- **Aim of the task**: Each entry should be transcribed exactly as written, and any picture left out.

- **Data provided**:

-=-=-

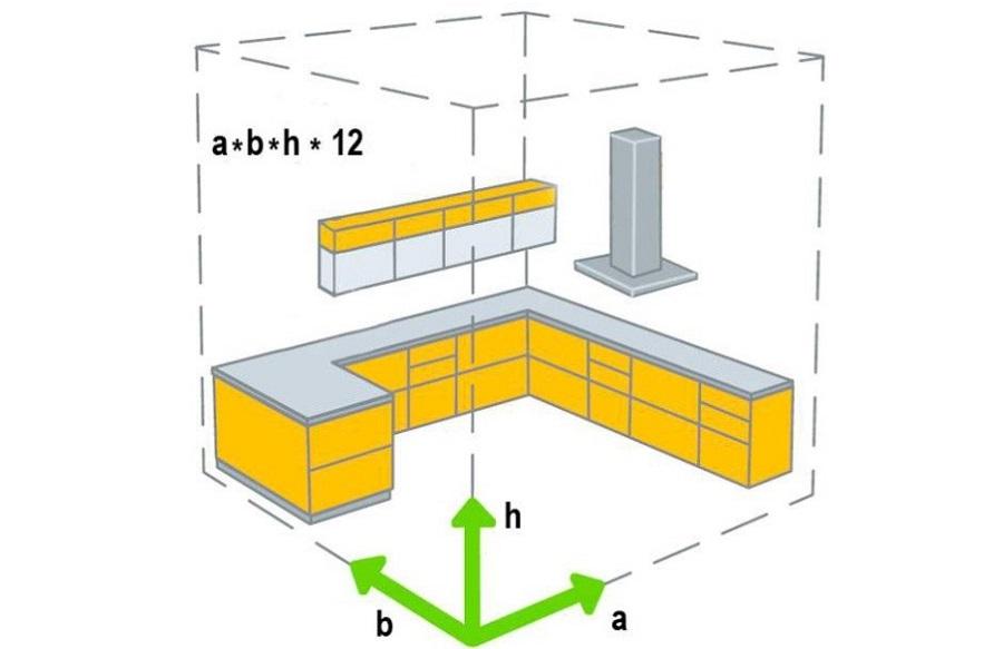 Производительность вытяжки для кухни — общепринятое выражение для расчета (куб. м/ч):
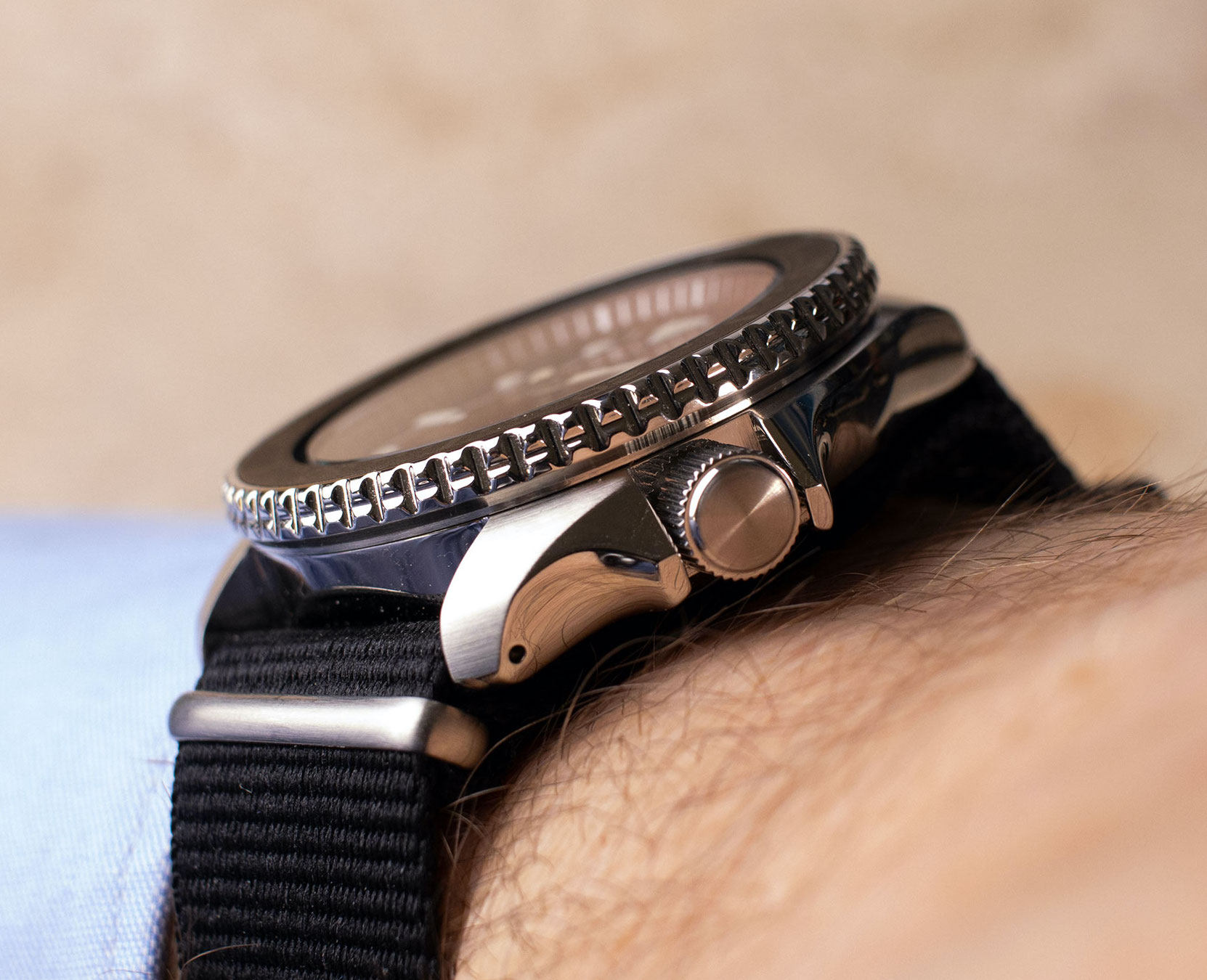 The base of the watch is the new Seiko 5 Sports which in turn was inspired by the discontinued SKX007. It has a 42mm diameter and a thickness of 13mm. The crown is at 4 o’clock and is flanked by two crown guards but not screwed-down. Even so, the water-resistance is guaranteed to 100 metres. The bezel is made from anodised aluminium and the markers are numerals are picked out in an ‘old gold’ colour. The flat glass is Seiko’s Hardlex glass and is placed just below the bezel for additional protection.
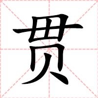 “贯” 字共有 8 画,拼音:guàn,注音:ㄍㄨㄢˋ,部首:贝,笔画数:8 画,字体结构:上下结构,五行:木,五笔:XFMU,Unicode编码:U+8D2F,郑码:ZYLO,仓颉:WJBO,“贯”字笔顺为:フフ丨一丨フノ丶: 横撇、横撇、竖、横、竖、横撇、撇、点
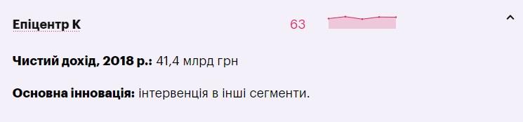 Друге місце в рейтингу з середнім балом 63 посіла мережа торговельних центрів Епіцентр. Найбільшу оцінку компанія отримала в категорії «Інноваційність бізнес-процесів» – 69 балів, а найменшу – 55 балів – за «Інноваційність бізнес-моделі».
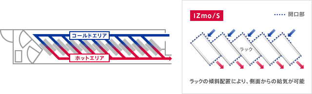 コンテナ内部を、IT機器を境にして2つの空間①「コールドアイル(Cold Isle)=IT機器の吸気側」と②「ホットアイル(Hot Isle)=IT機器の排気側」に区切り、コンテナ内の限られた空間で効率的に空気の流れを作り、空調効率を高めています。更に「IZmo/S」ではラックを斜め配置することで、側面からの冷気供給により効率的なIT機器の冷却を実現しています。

-=-=-

- **Answer**:
 Производительность вытяжки для кухни — общепринятое выражение для расчета (куб. м/ч):
 The base of the watch is the new Seiko 5 Sports which in turn was inspired by the discontinued SKX007. It has a 42mm diameter and a thickness of 13mm. The crown is at 4 o’clock and is flanked by two crown guards but not screwed-down. Even so, the water-resistance is guaranteed to 100 metres. The bezel is made from anodised aluminium and the markers are numerals are picked out in an ‘old gold’ colour. The flat glass is Seiko’s Hardlex glass and is placed just below the bezel for additional protection.
 “贯” 字共有 8 画,拼音:guàn,注音:ㄍㄨㄢˋ,部首:贝,笔画数:8 画,字体结构:上下结构,五行:木,五笔:XFMU,Unicode编码:U+8D2F,郑码:ZYLO,仓颉:WJBO,“贯”字笔顺为:フフ丨一丨フノ丶: 横撇、横撇、竖、横、竖、横撇、撇、点
 Друге місце в рейтингу з середнім балом 63 посіла мережа торговельних центрів Епіцентр. Найбільшу оцінку компанія отримала в категорії «Інноваційність бізнес-процесів» – 69 балів, а найменшу – 55 балів – за «Інноваційність бізнес-моделі».
 コンテナ内部を、IT機器を境にして2つの空間①「コールドアイル(Cold Isle)=IT機器の吸気側」と②「ホットアイル(Hot Isle)=IT機器の排気側」に区切り、コンテナ内の限られた空間で効率的に空気の流れを作り、空調効率を高めています。更に「IZmo/S」ではラックを斜め配置することで、側面からの冷気供給により効率的なIT機器の冷却を実現しています。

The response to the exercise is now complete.